Write a paragraph proof of theorem 3-8: in a plane, if two lines are perpendicular to the same line, then they are parallel to each other.
so far all i have is this
r and t are each perpendicular to s. Angles 1 & 5 have to be right angels.
but my teacher says its not enough details can anyone help me??
If you guys can help me i can give the answers to the test! This is the only question im stuck on!!
To prove theorem 3-8, we need to show that if two lines, say r and t, are perpendicular to the same line s, then they are parallel to each other. Here is a step-by-step paragraph proof:
1. Given: Line r is perpendicular to line s, and line t is perpendicular to line s.
2. We want to prove: r is parallel to t.
3. Assume, for the sake of contradiction, that r and t are not parallel. This means that they intersect at some point, say point P.
4. Since r is perpendicular to s, angle 1 (formed by lines r and s) is a right angle.
5. Similarly, since t is perpendicular to s, angle 5 (formed by lines t and s) is also a right angle.
6. If r and t intersect at P, then angles 1 and 5 are congruent (by vertical angles theorem).
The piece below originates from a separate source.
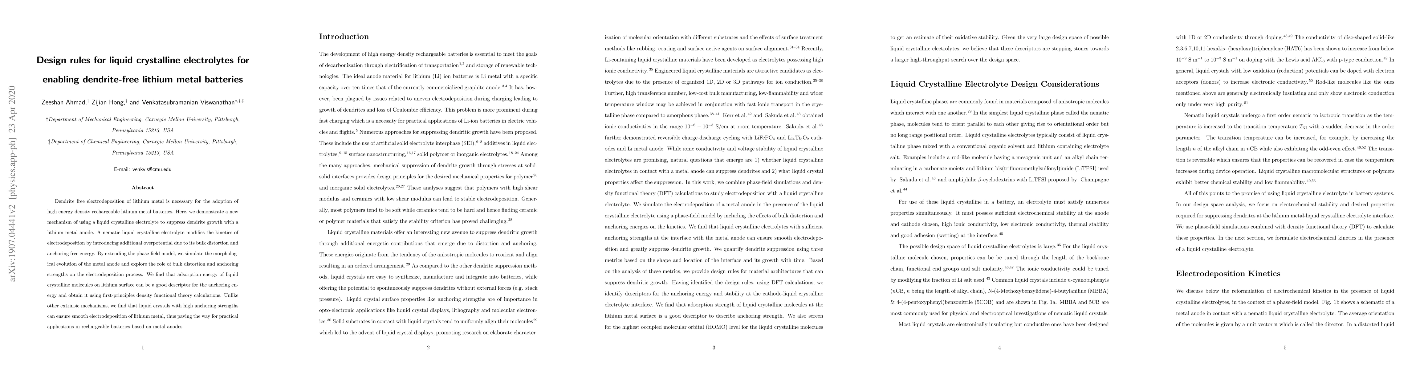 This research develops a liquid crystalline electrolyte to suppress lithium dendrite growth in rechargeable lithium metal batteries. Simulations and density functional theory reveal that high anchoring strengths in liquid crystals effectively promote smooth electrodeposition, offering a promising solution for high energy density batteries.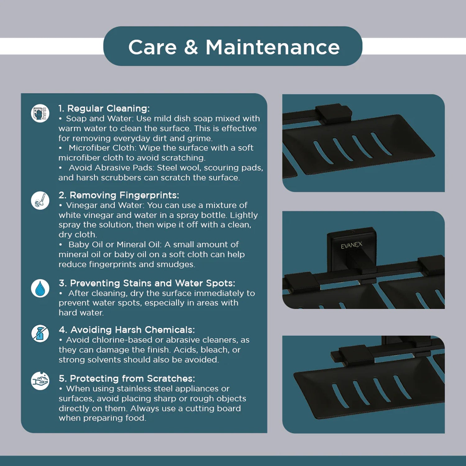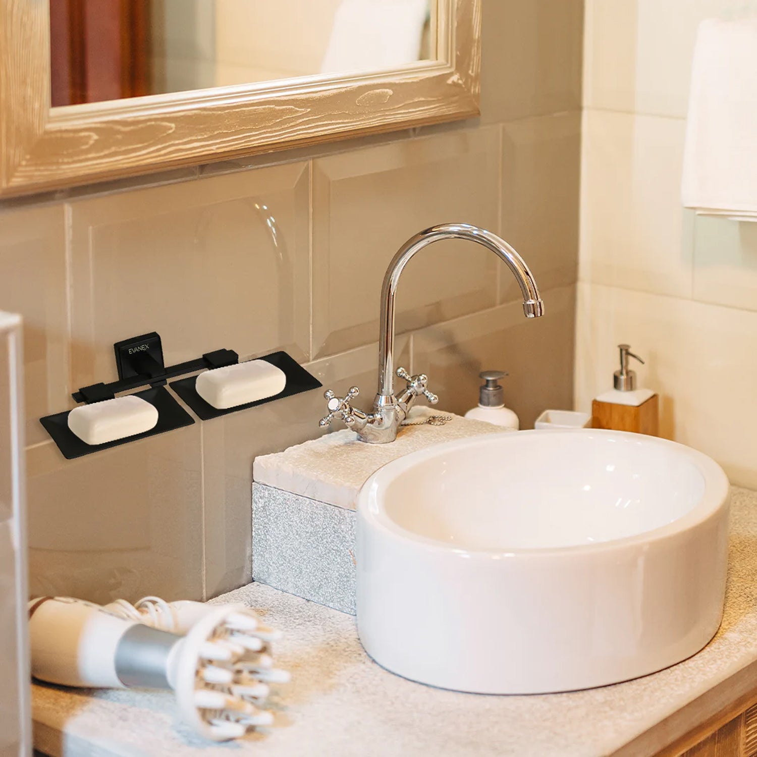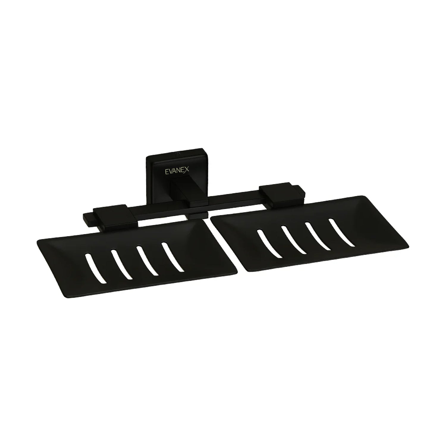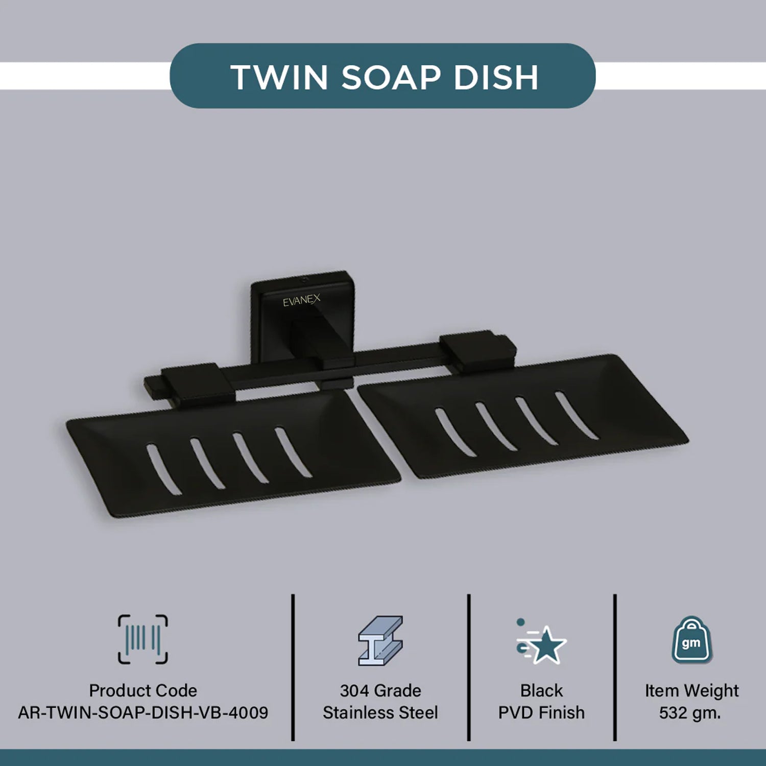 Evanex Stainless Steel Black Matt Twin Soap Dish for Bathroom (25.3X15X4.6 CM)

7. But both angles 1 and 5 are right angles, so they are congruent.
8. Therefore, we have a contradiction, as angles 1 and 5 cannot be both congruent and right angles if r and t are not parallel.
9. Hence, our assumption that r and t are not parallel is false.
10. Therefore, r and t must be parallel to each other.
By following this step-by-step proof, you can demonstrate that if two lines are perpendicular to the same line, then they must be parallel to each other.